Aber 20 Prozent mehr Messerangriffe sind, finde ich, besorgniserregend. Was noch auffälliger ist: Immer mehr traumatisierte Asylbewerber, die sich in einem psychischen Ausnahmezustand befinden, attackieren fremde Menschen im öffentlichen Raum. Es gab Axtangriffe in Zügen, Messerangriffe im Kaufhaus, in Arztpraxen und auf den Straßen.

Die Frage, ob wir diesen traumatisierten Personenkreis von Asylbewerbern ausreichend unterstützen und beobachten können, muss man stellen. Die Serie dieser fürchterlichen und tragischen Ereignisse ist zu lang, um sie als Zufall abzutun.

Sie bilanzieren, dass man keine Politik gegen zwei Drittel der Bevölkerung machen kann. Entstammt diese Einschätzung Ihrem Bauchgefühl oder ist die Zahl belegbar?

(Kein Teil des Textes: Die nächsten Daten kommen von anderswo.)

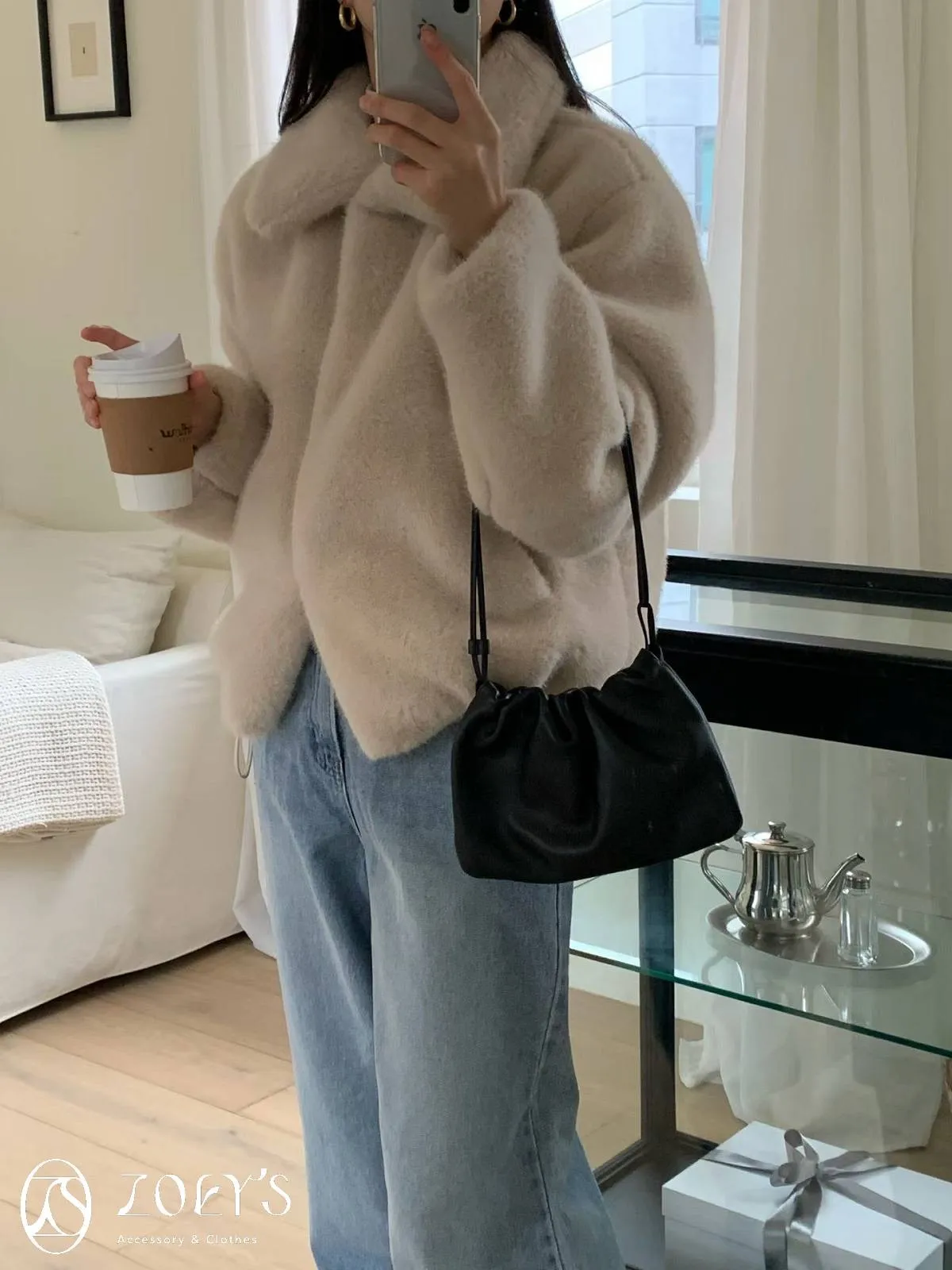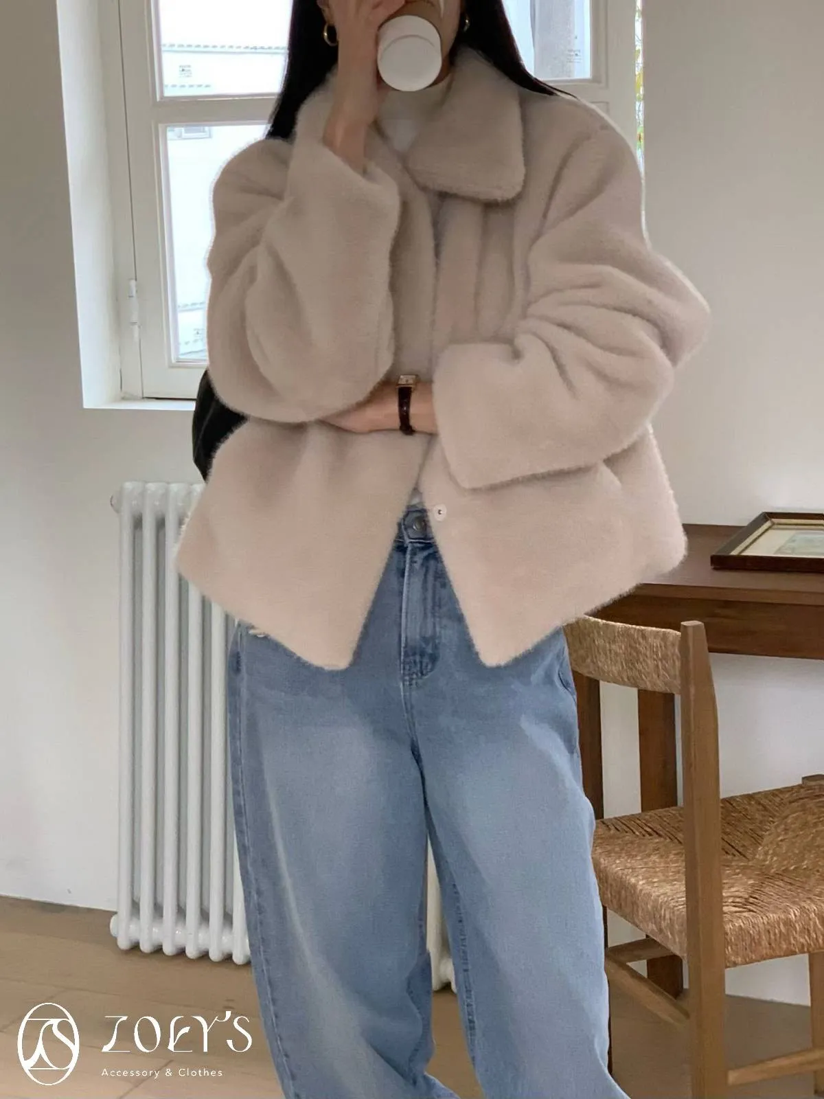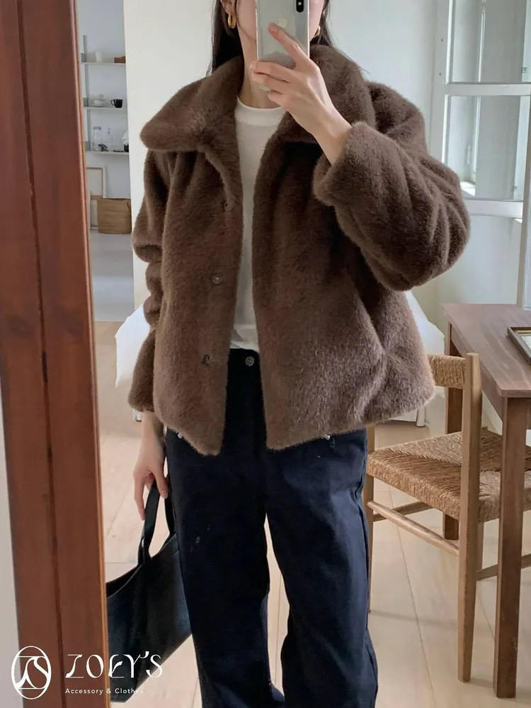 正韓 小貴氣極柔毛茸外套 咖/米
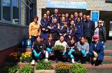 Совместная работа с шефами ПАО "НКНХ". Посадка цветов на территории нашей школы. 22.05.2019
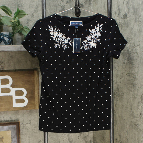 Layer on the detail with Karen Scott's boat-neck cotton top, featuring both printed and embroidered patterns.
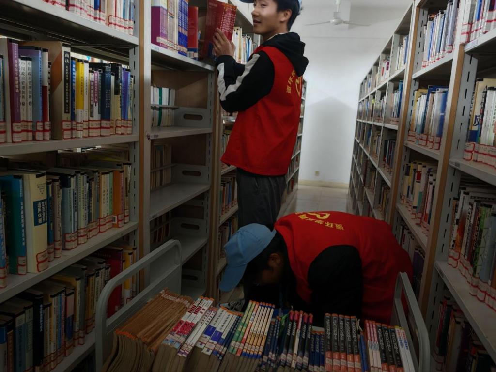 活动中,志愿者们迅速分组投入工作。整理组穿梭于书架间,核对索书号、归位错位书籍,轻扶歪斜书脊;清洁组细致擦拭书架浮尘、清扫角落杂物。原本稍显凌乱的借阅区,很快变得整洁清爽,井然有序。
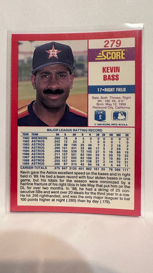 #279 Kevin Bass Houston Astros 1990 Score Baseball Card
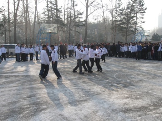 党委副书记周文军、学生党支部书记赵爽、辅导员高博、朱博老师以及学生会主席董丰嘉和社团联合会主席朱成龙观看比赛。 09级按照班级作为参赛队进行抽签,比赛共分为3个小组进行淘汰赛,参赛选手勇猛拼搏,裁判公正评断,助威同学高声呐喊,氛围浓厚而又热血沸腾,选手们两人为一组,步调统一,快速推进,充分体现了团结合作,互相帮助的协作精神。在场老师为获得本次趣味接力赛的前三名090309班、090302班和090312班颁发奖状。
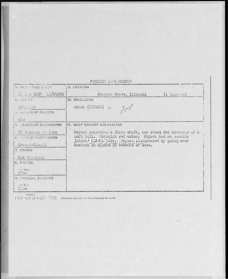 Project 10073 Record — Downers Grove, Illinois, 14 May 1967
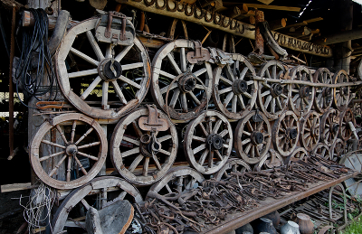 XVIII век, шиномонтаж при кузнице. Металлическая полоса снаружи колеса называется шина. Шины меняют в кузницах . Это частая поломка, поэтому у многих кузнецов были колёса на замену, так же, как и подковы. |
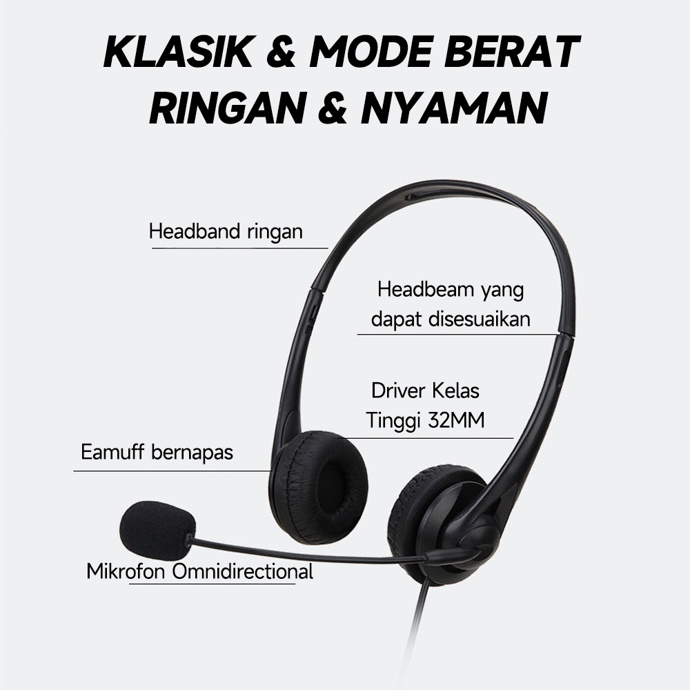 Headphone Stereo Dengan Mikrofon Dan Single Jack 3.5mm/USB Cocok Untuk Pembelajaran Di Kantor
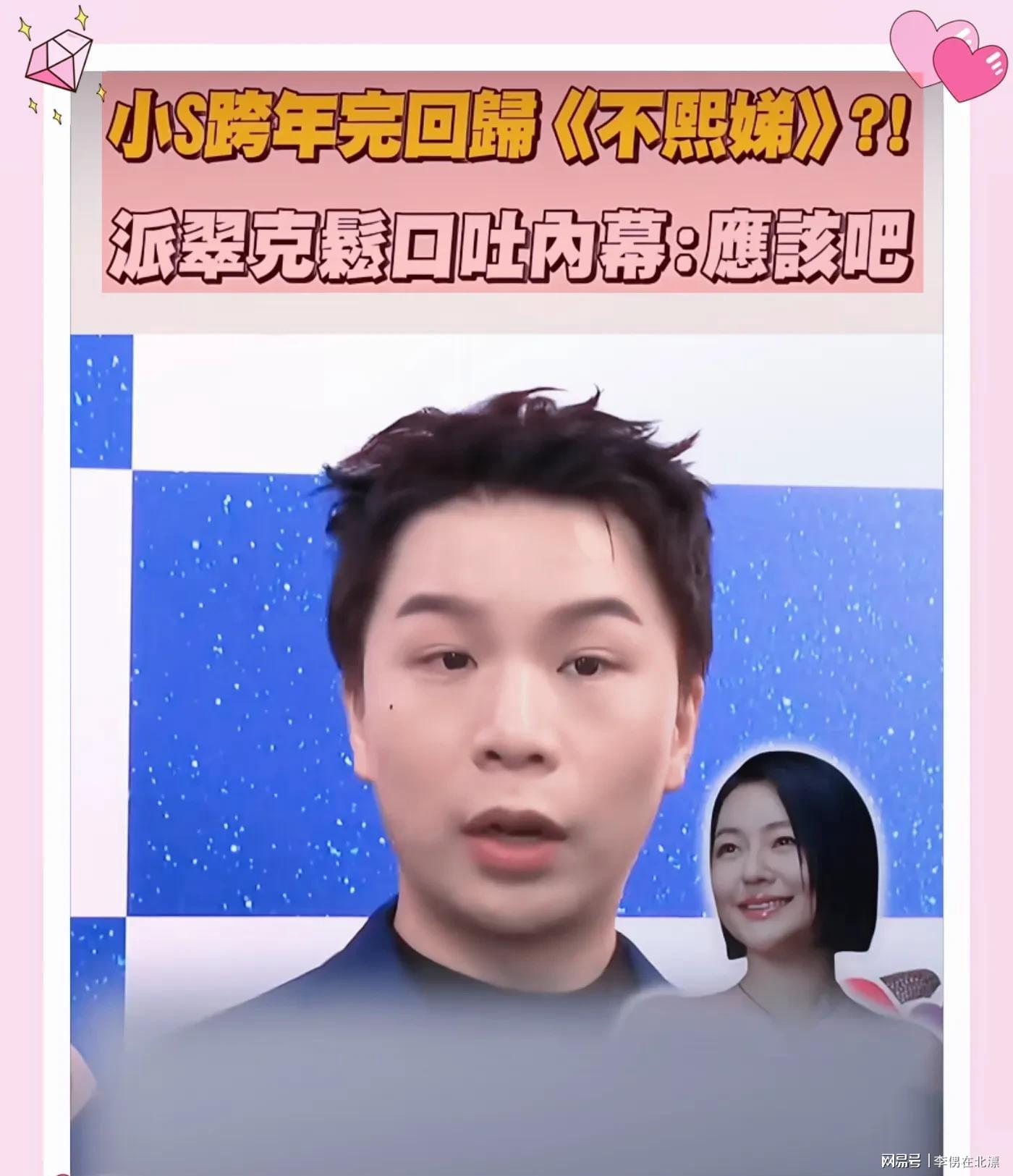 近日小S搭档派翠克出席活动的时候,被问到搭档小S跨完年会不会回归《小姐不熙娣》,派翠克回应,应该会吧!之前派翠克就说过私底下跟小S一直有联系,想必派翠克应该很了解小S的动向!他说快了,应该就很快了!
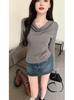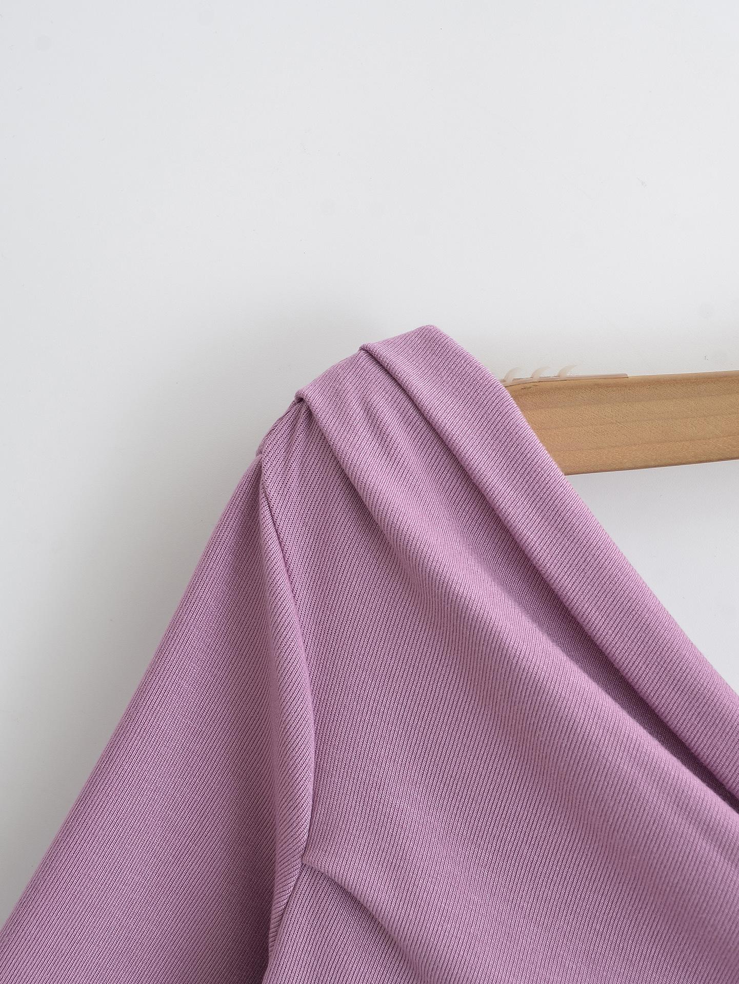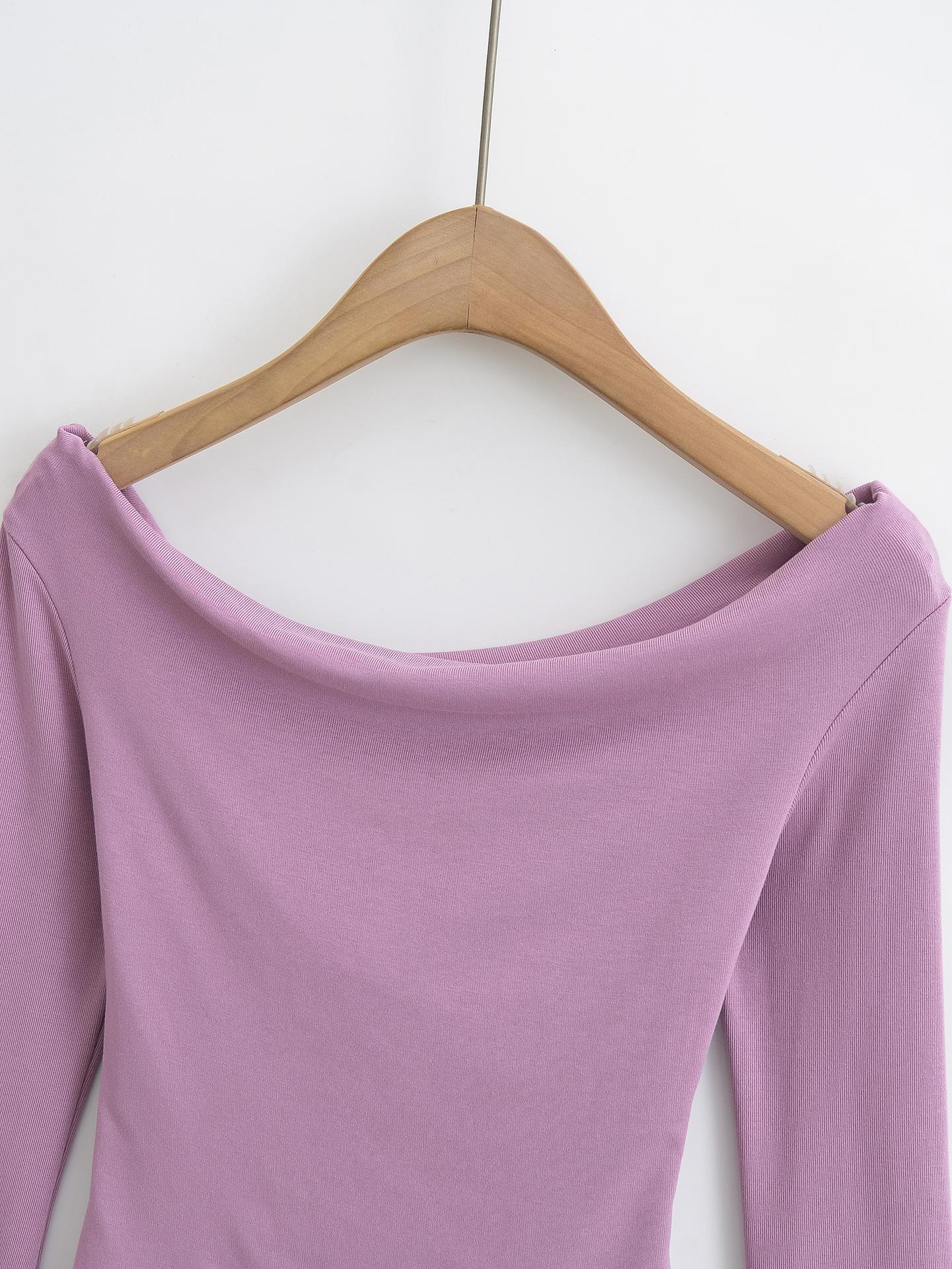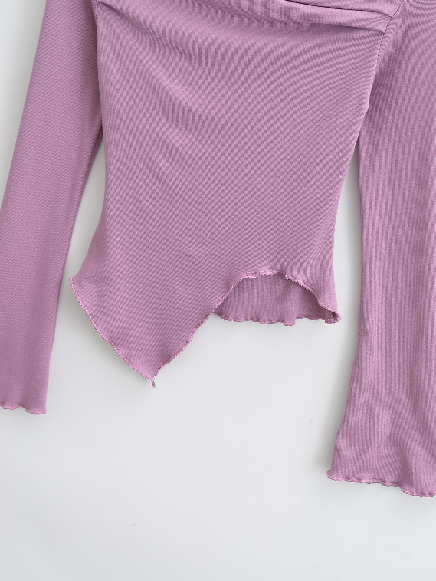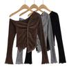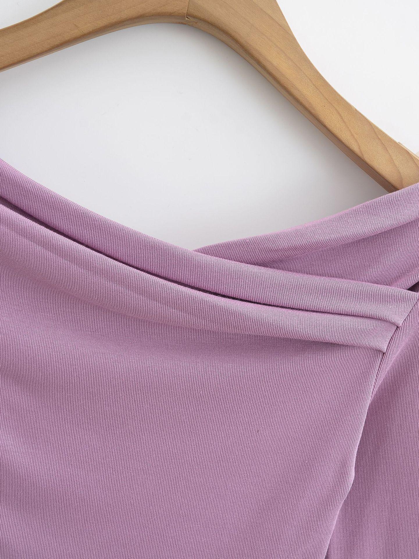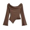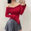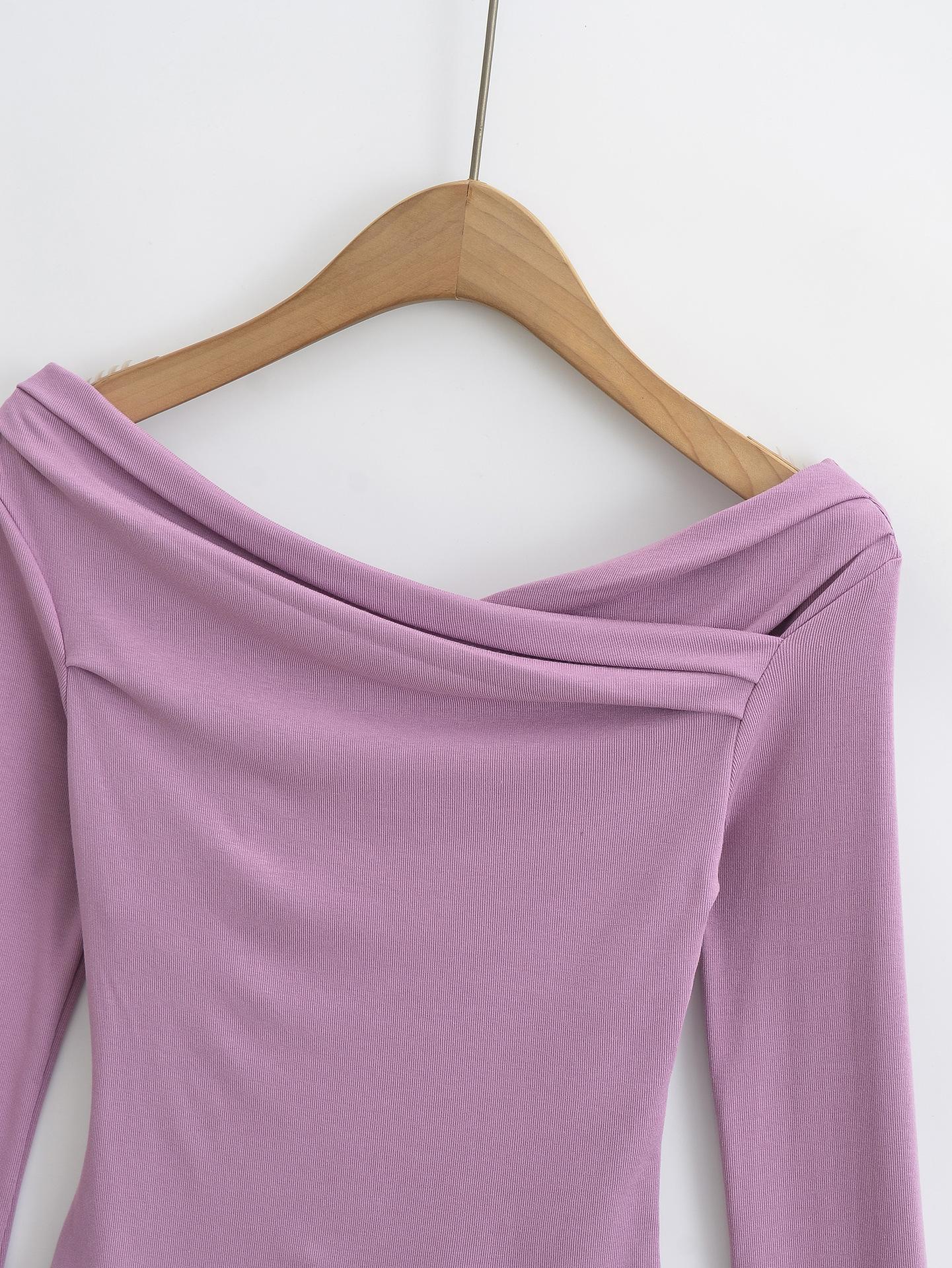 Camiseta de manga larga plisada con hombros descubiertos para mujer, top irregular ajustado con hombros descubiertos, otoño e invierno de 2023

Wenn ich die Umfragen richtig verstehe, sagen inzwischen zwei Drittel der Deutschen, dass sie die Zuwanderung stärker steuern und begrenzen wollen. Wer diesen Leuten sagt, dass das der Staat nicht kann, der nimmt in Kauf, dass sich die Menschen vom Staat abwenden. Wer darauf antwortet und sagt, das will ich aber nicht, ihr seid Rassisten, der nimmt in Kauf, dass diese Menschen unmittelbar zur AfD laufen. Deswegen sage ich: Auf Dauer wird man eine Politik gegen zwei Drittel der Bevölkerung nicht durchhalten.